No documento WINNICOTT, D.W. - O Brincar e a Realidade (1) (páginas 160-165)

Esta exposição torna necessário um exame do destino desse espaço potencial, que pode ou não entrar em evidência como área vital na vida psíquica da pessoa em desenvolvimento.

O que acontece se a mãe dá início a um fracasso gradativo de adaptação, a partir de uma posição de adaptação plena? Esse é o ponto crucial da questão e o problema requer estudo, por influenciar nossa técnica como analistas, quando temos pacientes que são regressivos, no sentido de serem dependentes. Na boa experiência média, nesse campo de manejo (que começa tão primitivamente, e está sempre recomeçando), o bebê encontra prazer intenso, até mesmo doloroso, associado à brincadeira imaginativa. Não há jogo estabelecido, de modo que tudo é criativo, e, embora o brincar faça parte da relação de objeto, tudo o que acontece é pessoal ao bebê. Tudo o que é físico, é imaginativamente elaborado, investido de uma qualidade de primeira vez. Posso dizer que esse é o significado pretendido para a palavra 'catexizar'?

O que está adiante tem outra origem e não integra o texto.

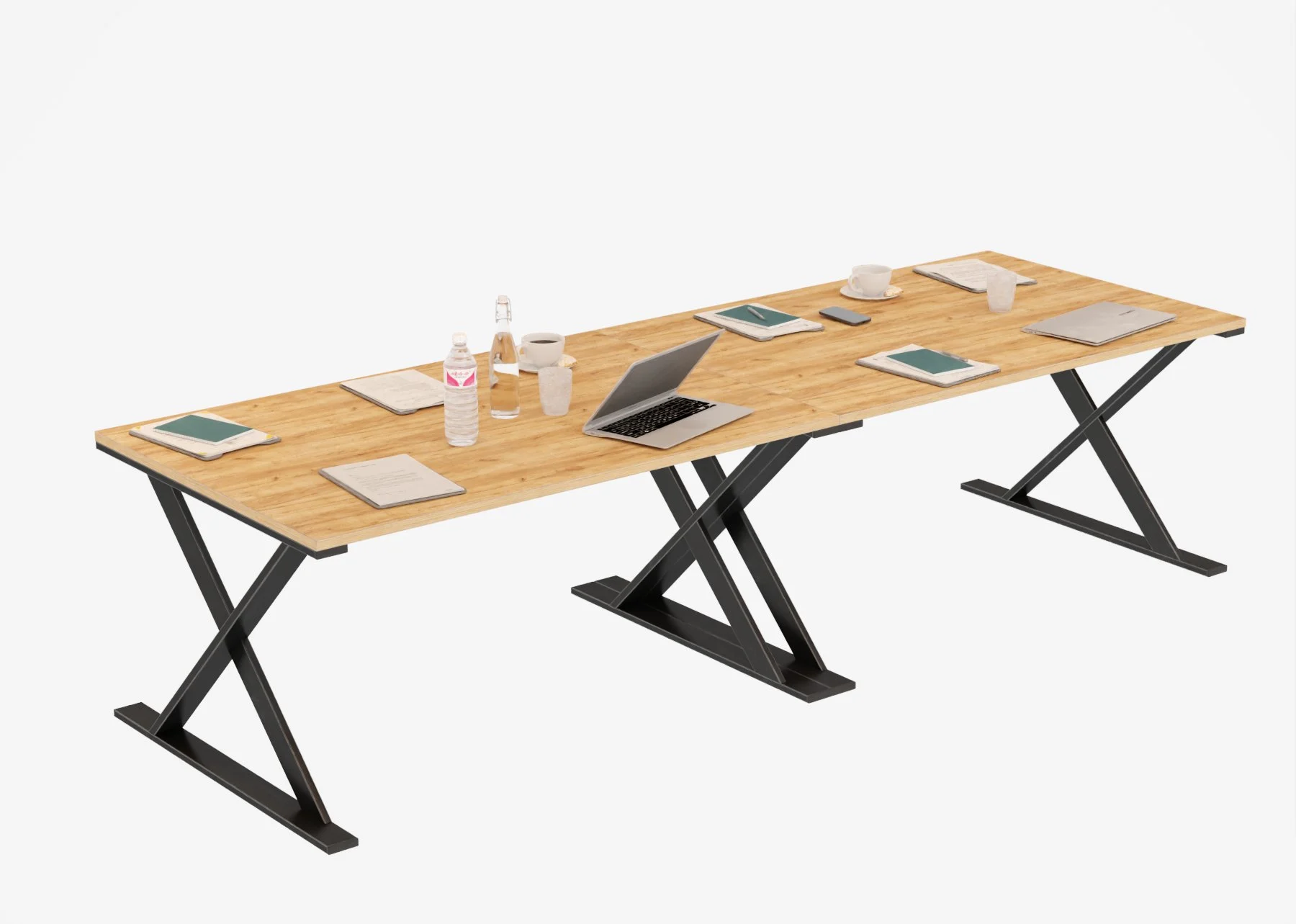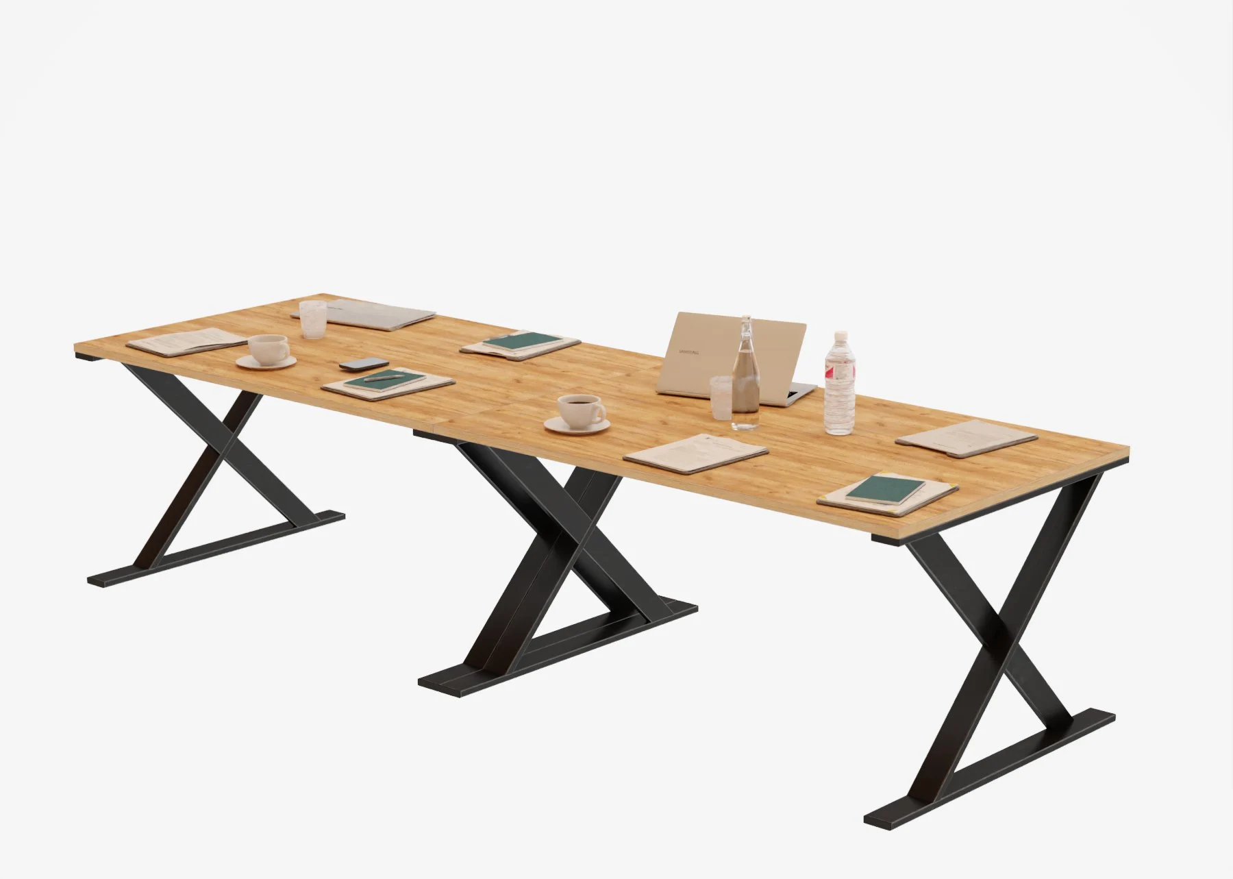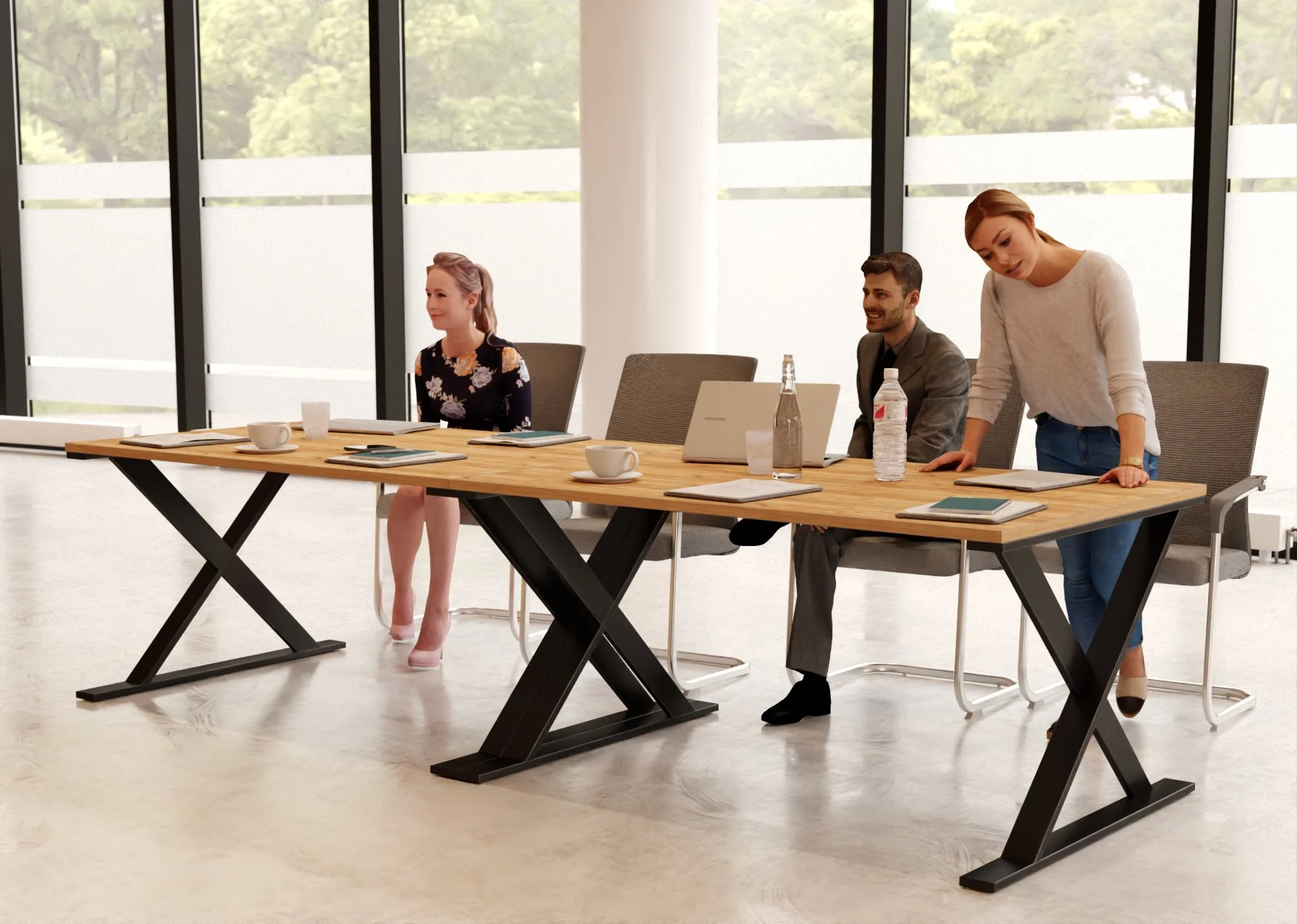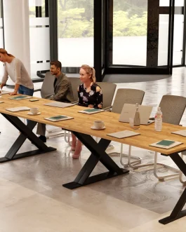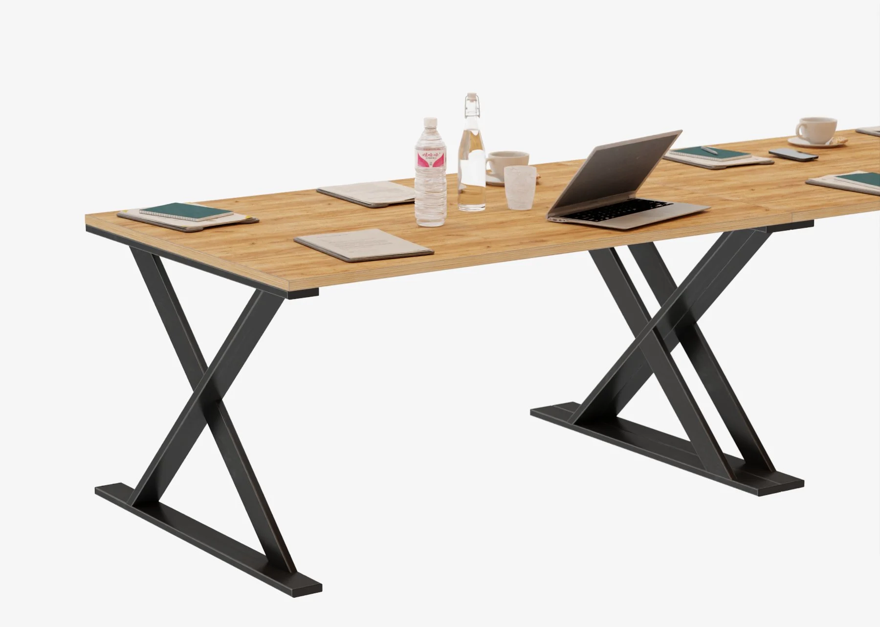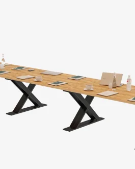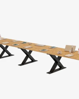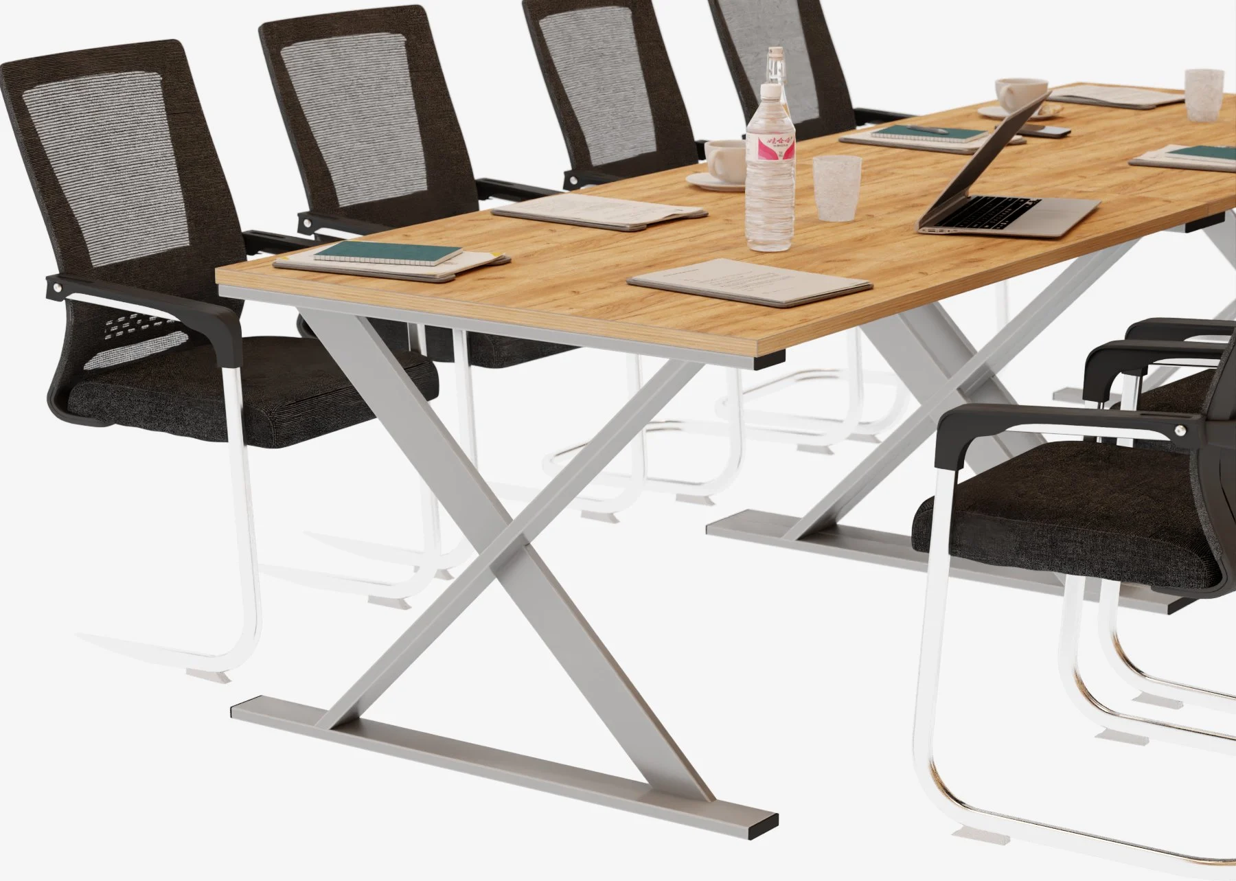Blat stołu konferencyjnego oparty na nogach w formie litery X oraz płozach na górze i dole stołu.

Posso perceber que me encontro no campo do conceito de 'busca do objeto' (em oposição à 'busca de satisfação'), de Fairbairn (1941).

Como observadores, notamos que na brincadeira tudo já foi feito antes, sentido antes, cheirado antes, e onde surgem símbolos específicos da união do bebê e da mãe (objetos transicionais), esses próprios objetos foram adotados, não criados.

Contudo, para o bebê (se a mãe puder proporcionar as condições corretas), todo e qualquer pormenor de sua vida constitui exemplo do viver criativo. Todo objeto é um objeto 'descoberto'. Dada ia oportunidade, o bebê começa a viver criativamente e a utilizar, objetos reais, para neles e com eles ser criativo. Se o bebê não receber essa oportunidade, então não existirá área em que possa brincar, ou ter experiência cultural, disso decorrendo que não existirão vínculos com a herança cultural, nem contribuição para o fundo cultural.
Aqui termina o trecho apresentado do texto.